### What is required
The required output is the stretch from the line containing "自分の順番になり「ひやあつ」" through the line containing "单位制 | 测试方法 |" in the records below, unaltered and with no pictures.

Extracted information Block Start

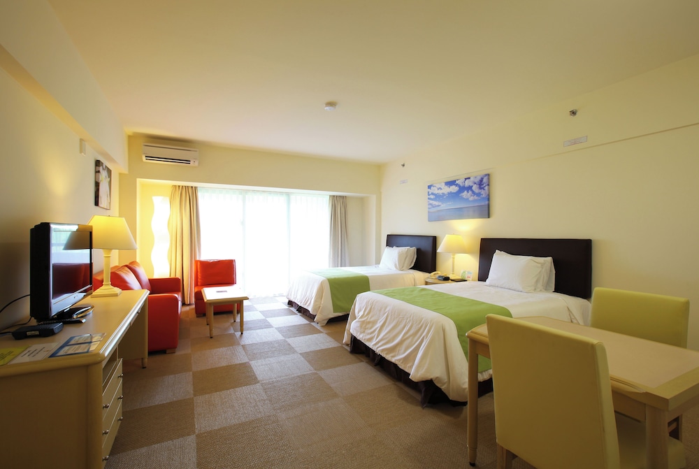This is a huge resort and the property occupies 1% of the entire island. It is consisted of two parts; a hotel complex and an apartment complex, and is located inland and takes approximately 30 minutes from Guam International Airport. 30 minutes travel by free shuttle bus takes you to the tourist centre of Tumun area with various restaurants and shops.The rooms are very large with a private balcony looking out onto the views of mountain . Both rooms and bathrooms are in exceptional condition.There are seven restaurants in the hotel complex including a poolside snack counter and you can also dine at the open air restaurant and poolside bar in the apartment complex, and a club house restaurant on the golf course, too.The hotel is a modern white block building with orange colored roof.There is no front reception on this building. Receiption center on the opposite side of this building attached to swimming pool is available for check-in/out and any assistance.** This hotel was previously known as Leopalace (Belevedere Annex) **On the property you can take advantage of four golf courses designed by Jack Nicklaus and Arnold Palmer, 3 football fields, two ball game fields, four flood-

Extracted information Block End
Extracted information Block Start

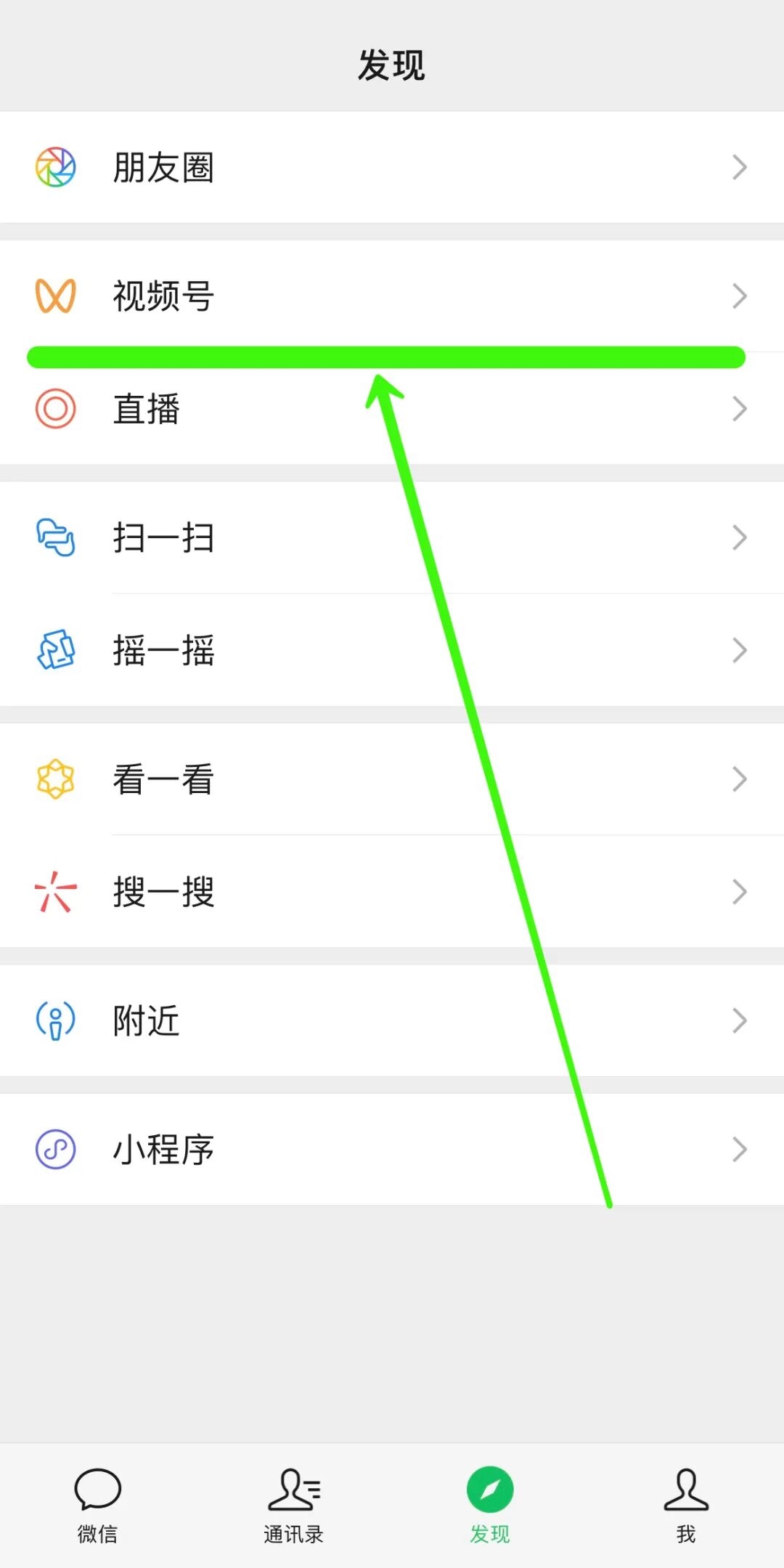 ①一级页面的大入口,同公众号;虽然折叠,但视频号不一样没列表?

Extracted information Block End
Extracted information Block Start

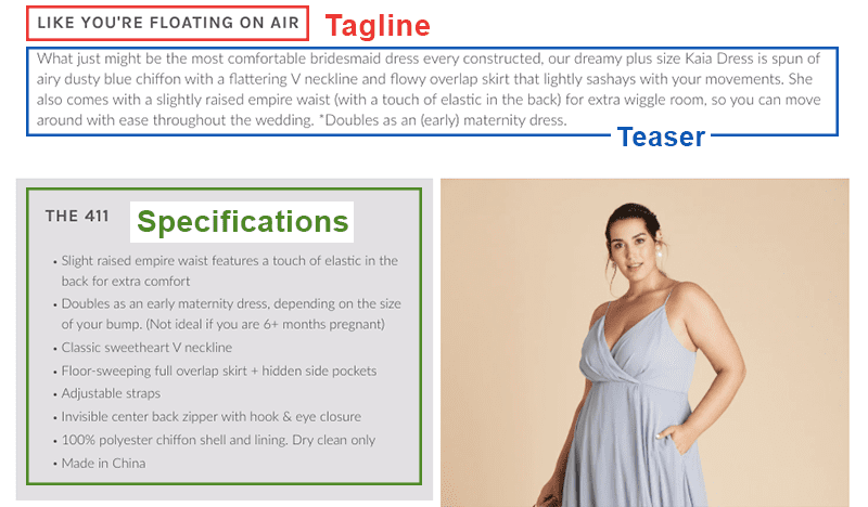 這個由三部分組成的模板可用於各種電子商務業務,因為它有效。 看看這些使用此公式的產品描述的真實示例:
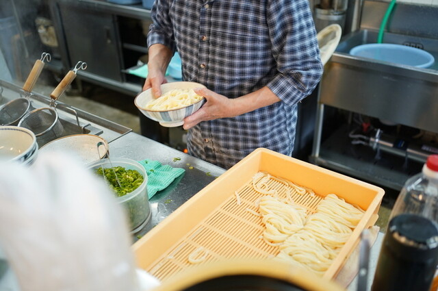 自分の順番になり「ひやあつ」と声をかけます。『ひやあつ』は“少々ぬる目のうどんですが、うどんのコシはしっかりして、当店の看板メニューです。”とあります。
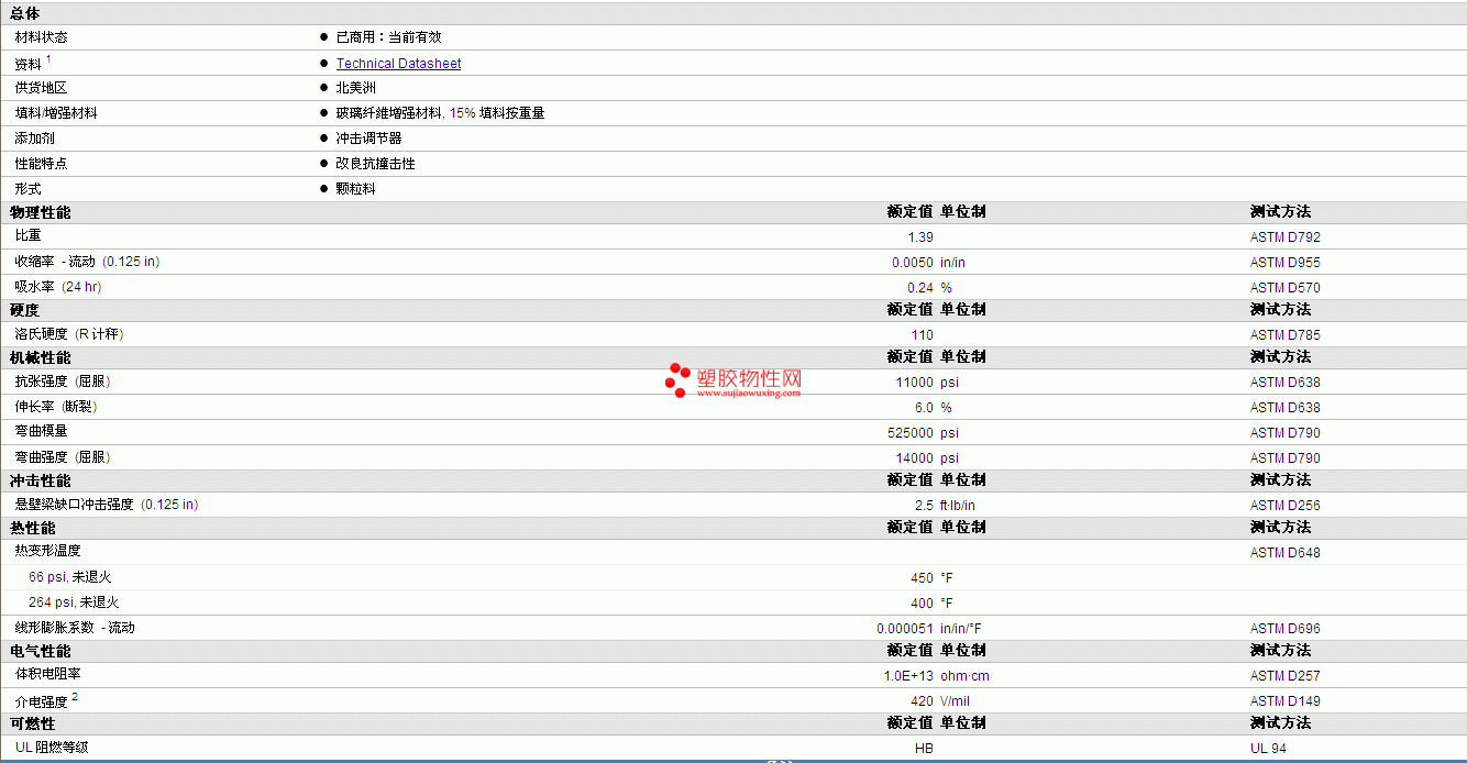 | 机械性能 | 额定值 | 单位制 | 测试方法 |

Extracted information Block End

### Expected answer
 自分の順番になり「ひやあつ」と声をかけます。『ひやあつ』は“少々ぬる目のうどんですが、うどんのコシはしっかりして、当店の看板メニューです。”とあります。
 | 机械性能 | 额定值 | 单位制 | 测试方法 |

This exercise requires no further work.